The statement, by the prosecuting attorney, to the effect that it is a known fact that he did not make unfair recommendations to the jury, violates the rule that a prosecuting attorney is not permitted to state his opinion of defendant‘s guilt, unless based on the evidence. A prosecutor may make recommendations as to the punishment and guilt of a defendant, but such recommendations must be based on the evidence and not on the reputation of the prosecutor‘s fairness. The court sustained the objection and admonished the jury to disregard the statement. Therefore, no prejudicial error resulted.
The argument of the Assistant Attorney-General can only be interpreted to mean that if the jury in this case refused to convict the defendant and assess the death penalty, a mob would do so. The alleged crime was one that would naturally arouse the prejudice of the public. Cases where the deeds were less atrocious have resulted in the forming of mobs and exacting the death penalty without a
In the present case reference was made in the testimony that a mob had formed in Ste. Genevieve County, shortly after the alleged crime was committed, for the purpose of lynching the defendant. This evidence was introduced to show that defendant made incriminating statements in fear of the mob. Under these circumstances the argument under discussion tended to improperly influence the jury and persuade them to return a verdict of guilty and assess the death penalty to satisfy the wishes of the mob. Such argument is highly improper. [State v. Jackson, 95 Mo. 623, 8 S. W. l. c. 762.] The trial court should have declared a new trial on account of the argument.

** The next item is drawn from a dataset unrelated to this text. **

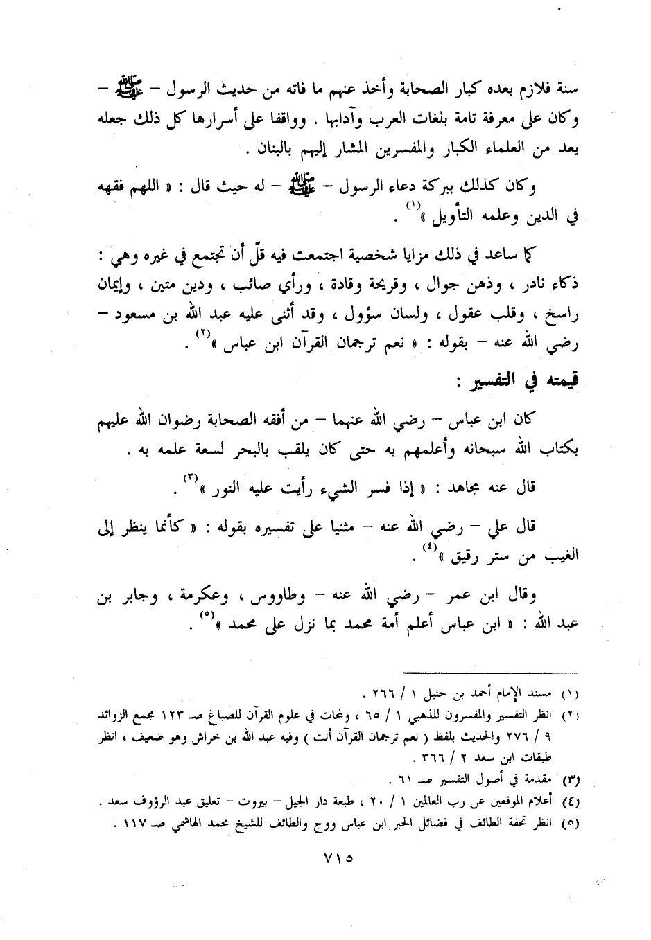 (2) انظر التفسير والمفسرون للذهبي 1/ 65، ولمحات في علوم القرآن للصباغ ص 123 مجمع الزوائد 9/ 276 والحديث بلفظ (نعم ترجمان القرآن أنت) وفيه عبد اللّه بن خراش وهو ضعيف، انظر طبقات ابن سعد 2/ 366.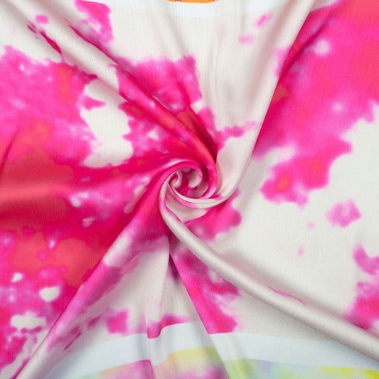 Oyster Beige And Fuchsia Tye And Dye Pattern Digital Print Chiffon Satin Fabric Oyster Beige And Fuchsia Tye And Dye Pattern Digital Print Chiffon Satin Fabric

The evidence in this case was ample to convict the defendant. The punishment assessed, if the jury believed the State‘s witnesses, was well merited. However, we cannot establish one rule of law for the guilty and a different rule for the innocent. Judge FARRIS in State v. Guerringer, 265 Mo. 408, 178 S. W. l. c. 68, speaking for this court said: “To say that he is guilty, and therefore it makes no difference how he was tried, begs the question, and is but an argument favoring the return to primitive justice, which first hangs and then investigates. If the latter method had met the demands of civilization it is probable that it would not have been abandoned for the present system, which among its necessary elements requires a judiciary sworn to follow the law and the Constitution.” In State v. Nicholson, supra, we read: “All persons, the guilty as well as the innocent, have an equal standing before the law and must receive the same fair treatment at the hands of the court and the prosecuting officers provided for the enforcement of the law.”
For the error indicated, the judgment is reversed and the cause remanded for a new trial. Cooley and Fitzsimmons, CC., concur.
PER CURIAM:—The foregoing opinion by WESTHUES, C., is adopted as the opinion of the court. All of the judges concur.